One image seized my attention and sent me into a refreshing direction with my performance art practices. Since teaching a performance art class to women over the last 3 weeks, I’ve been so elated to watch these women undergo works of art of which require vulnerability, receptivity to the moment and courage. It has required me to continue to learn about my craft and wonder what is this thing I love and why.
Performance art has many various forms, yet the prevailing fundamental is that the body is the new canvas for which art is created upon. It is the one genre in which you cannot possess it as a consumer, which is, in part, why it came into existence. It protests commodification and consumerism and rather invites a present and visceral experience between artist and viewer. You can either engage or forcefully disengage, but you cannot eat at your own pleasure or leisure.

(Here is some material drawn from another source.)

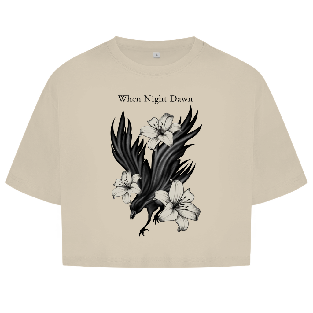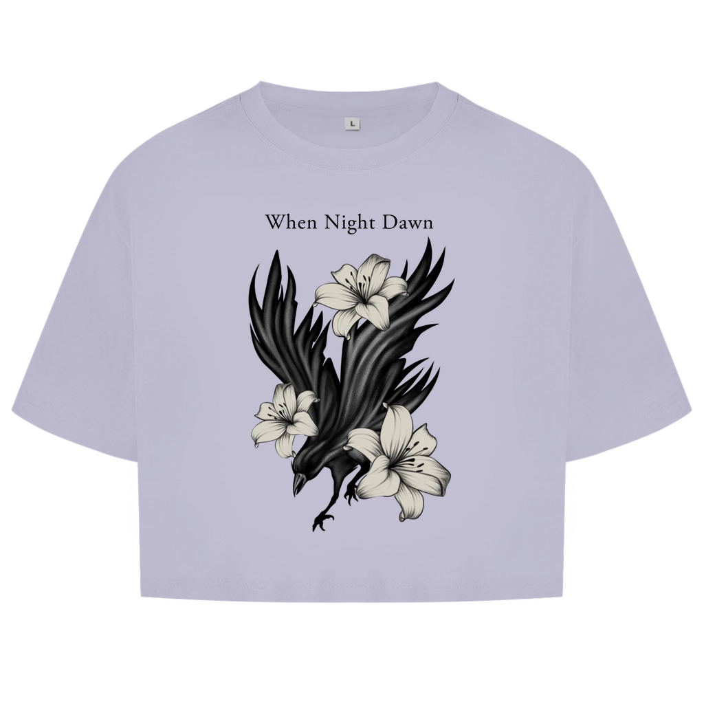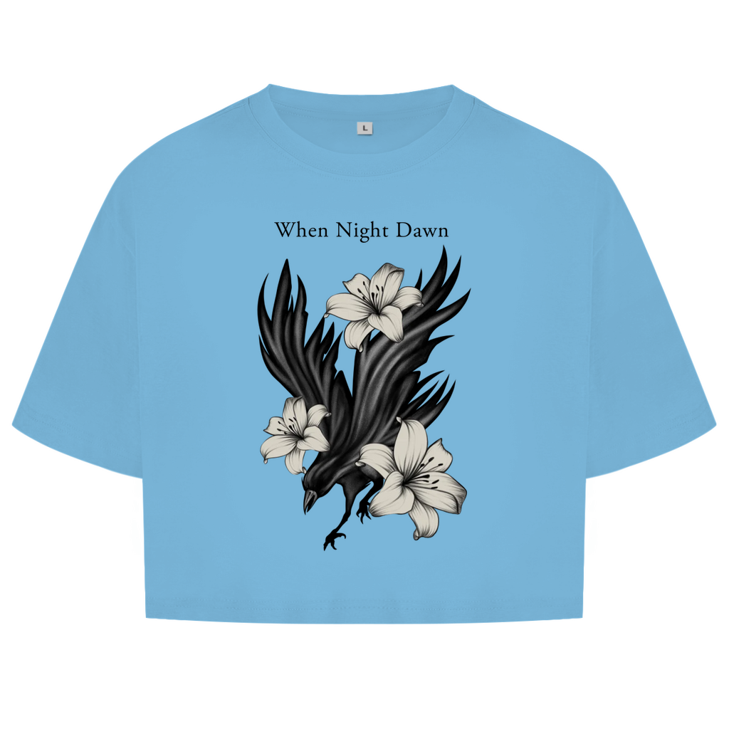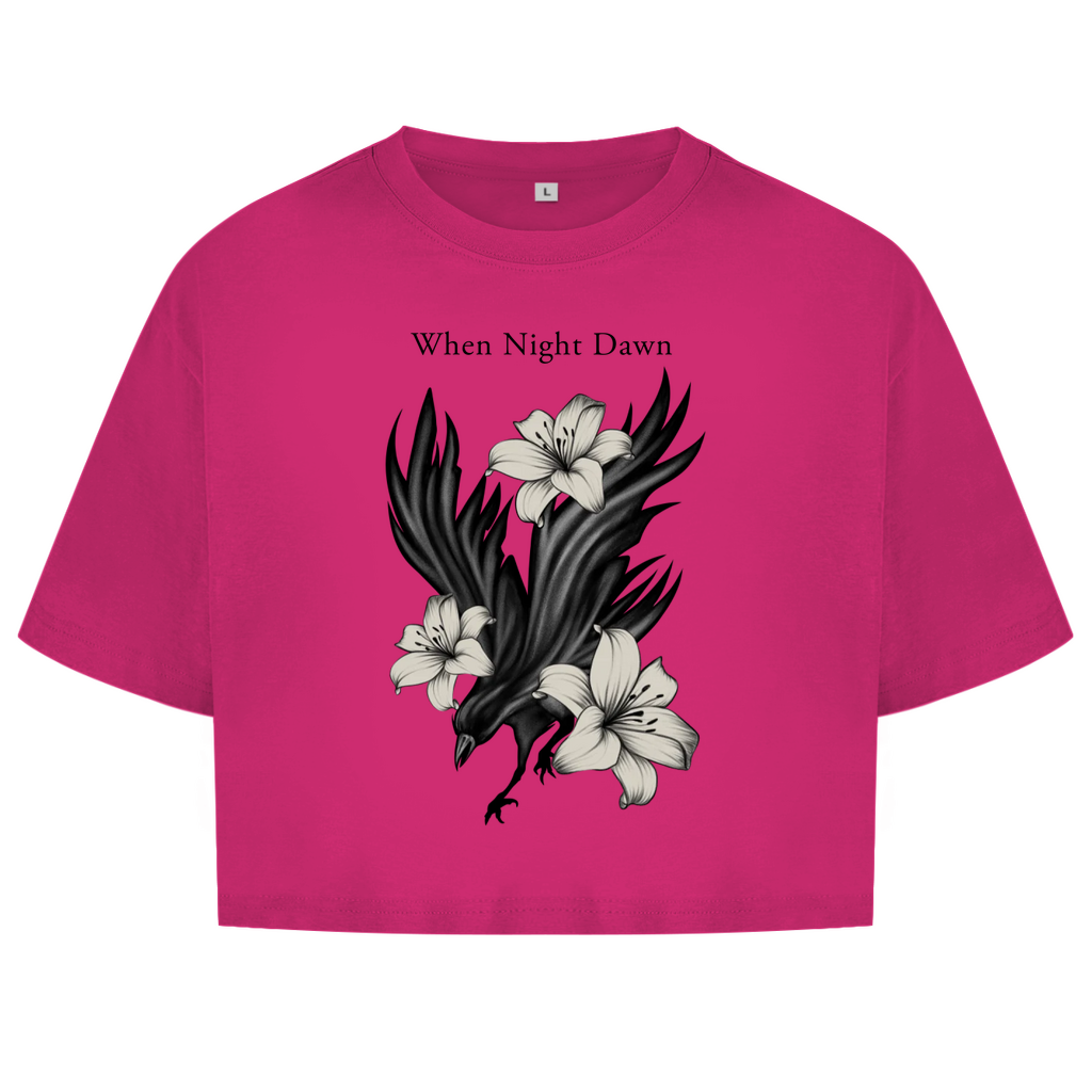 Das markante Design mit einem Raben, umgeben von Lilien, macht das Crop Top zu einem echten Statement-Piece. Der Rabe steht für Stärke und Geheimnis, die Lilien für Eleganz – eine kraftvolle Kombination, die dich überall begleitet.

The experience is the gift of the work, regardless if you hated or loved it.
Invigoration.
Exultation.
Away we must go,
into the darker and lighter places as we reside on this earth, not as consumers or self-indulgers, unless we choose to deaden what aches for life–but as makers and farmers who use our hands for beauty and hard work. Art tumbled into my world as my conduit for such ventures. What the hell is yours? Search until it’s found and keep finding it even if it’s lifeless in your hands, even if it’s slipping from your hands; remember what sent you on the hunt and reclaim it over and over. The earth’s seasons offer us the process for which we are to undergo as creatures who are all invited to create.
Here is the image that I hope to performatively recreate. My style of performance art would be categorized as “body as ritual” versus “body as form in space” or “body as living sculpture” or “body as autobiographical and introspective”. I want to synthesize ritual and living sculpture, which undoubtedly possesses some autobiographical marks, yet appeals to a greater context than merely my own. This might be the first one.